Smoke plumes containing toxic combustion products will initially rise due to the density difference between the hot combustion products and the ambient air. This density difference is caused by the fact that the plume temperature is significantly higher than the air’s ambient temperature. The theory behind this plume rise phenomenon foresees that there will be a height at which the finally cooled down plume will be in equilibrium with the density of the air at that height, leading to a maximum plume height. The trajectory of the plume and the hazard distances to specific concentration threshold levels will be mainly influenced by the windspeed, atmospheric stability class and the fire’s convective heat production, where the combination of these parameters leads to potential penetration of, or even reflection against the mixing layer.

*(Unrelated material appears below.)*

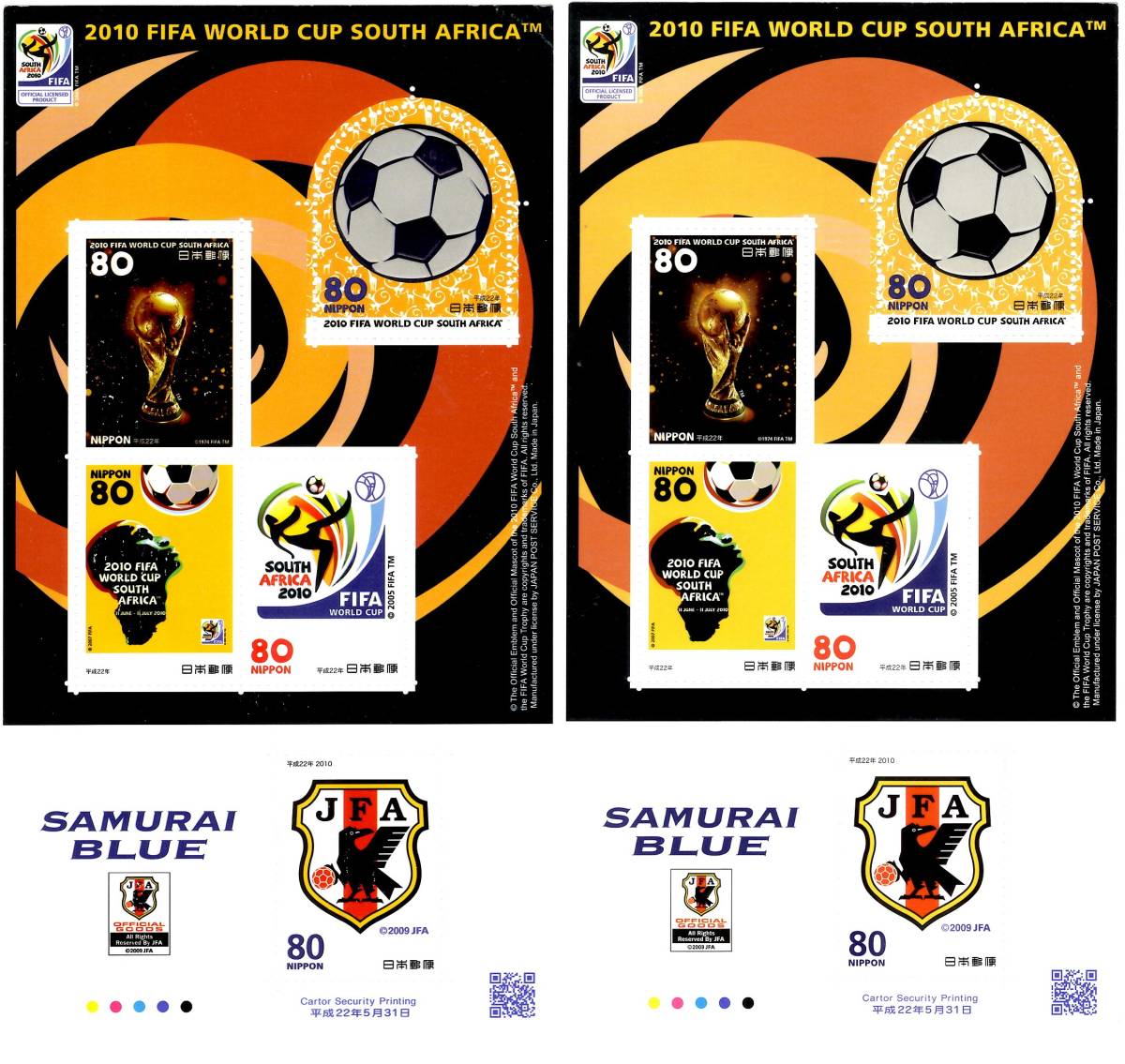 - 【刷色バラエティー】 FIFA ワールドカップ2010 小型シート2枚 製造面 サッカー 日本 記念 未使用

Typical models that describe the mathematics behind rising of hot plumes include the effects of atmospheric turbulence. However, the plume’s potential penetration of the mixing layer and reflection of the plume is often neglected.
The present study has led to the development of a dedicated model, implemented in Gexcon’s software package EFFECTS, to simulate the plume rise phenomenon due to warehouse and pool fires. The model is based on Briggs’ study of the plume rise phenomenon (Briggs, 1969), the theory of the Yellow Book (Yellow Book, 1992) and uses Mills’ correction for burning fires (Mills, 1987). This model not only calculates the maximum height, plume path, and concentration threshold contours of toxic combustion products at any height, but also includes the effects of the penetration and reflection phenomena. The model has been validated against the experimental data presented by (Hall et al., 1995) and Briggs (1969), as well as other validated mathematical models, to ensure its good performance.